» WHAT IS NEEDED: Every line from the first one in the data below through the line holding "Výstupní výkon: 240" is to be written out exactly, with the pictures omitted.

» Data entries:
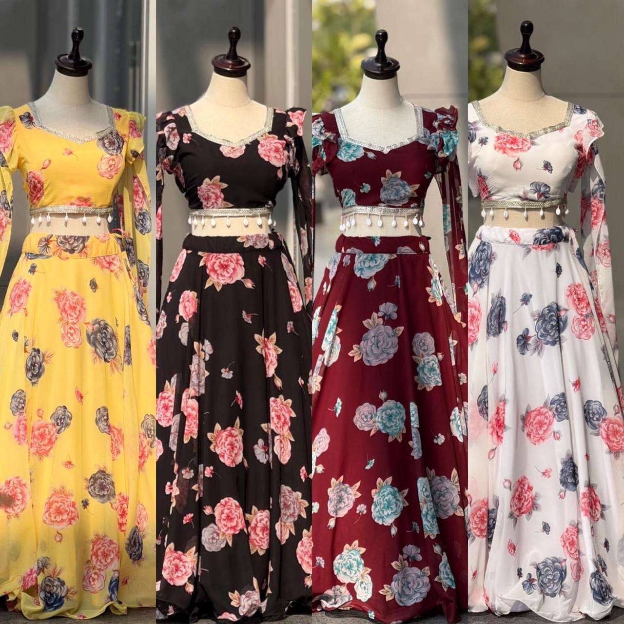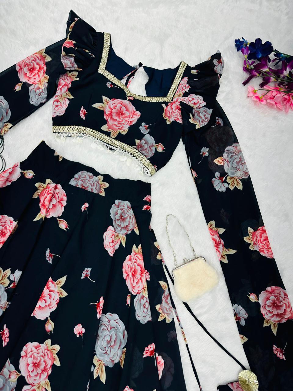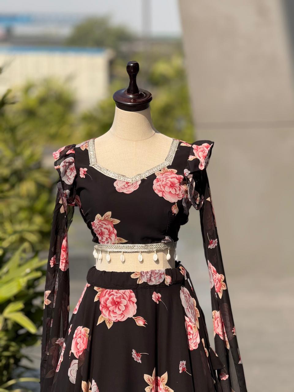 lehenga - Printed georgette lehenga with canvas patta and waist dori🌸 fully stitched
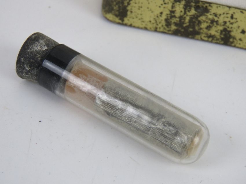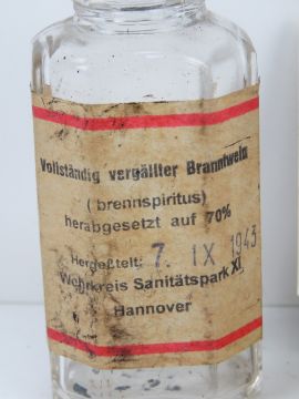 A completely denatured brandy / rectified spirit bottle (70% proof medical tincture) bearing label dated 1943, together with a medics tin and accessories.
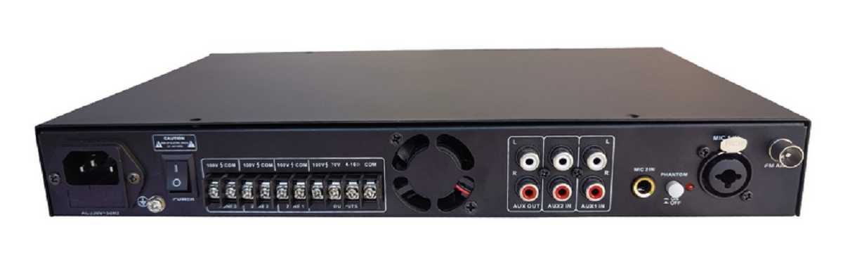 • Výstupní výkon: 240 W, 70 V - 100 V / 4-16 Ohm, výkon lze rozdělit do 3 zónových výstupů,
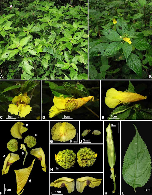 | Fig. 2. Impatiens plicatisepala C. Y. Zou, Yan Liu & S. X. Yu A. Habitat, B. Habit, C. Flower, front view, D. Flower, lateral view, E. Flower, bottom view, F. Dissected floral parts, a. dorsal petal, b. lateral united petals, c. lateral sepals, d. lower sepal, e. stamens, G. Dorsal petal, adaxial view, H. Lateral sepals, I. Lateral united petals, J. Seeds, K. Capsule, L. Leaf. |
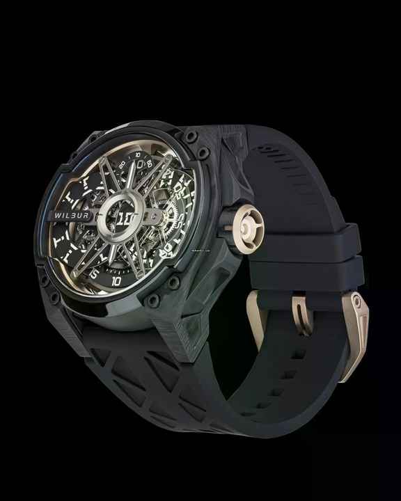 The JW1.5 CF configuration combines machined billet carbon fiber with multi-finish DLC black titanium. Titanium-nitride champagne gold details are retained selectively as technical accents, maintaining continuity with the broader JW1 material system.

» EXERCISE OUTPUT:
 lehenga - Printed georgette lehenga with canvas patta and waist dori🌸 fully stitched
 A completely denatured brandy / rectified spirit bottle (70% proof medical tincture) bearing label dated 1943, together with a medics tin and accessories.
 • Výstupní výkon: 240 W, 70 V - 100 V / 4-16 Ohm, výkon lze rozdělit do 3 zónových výstupů,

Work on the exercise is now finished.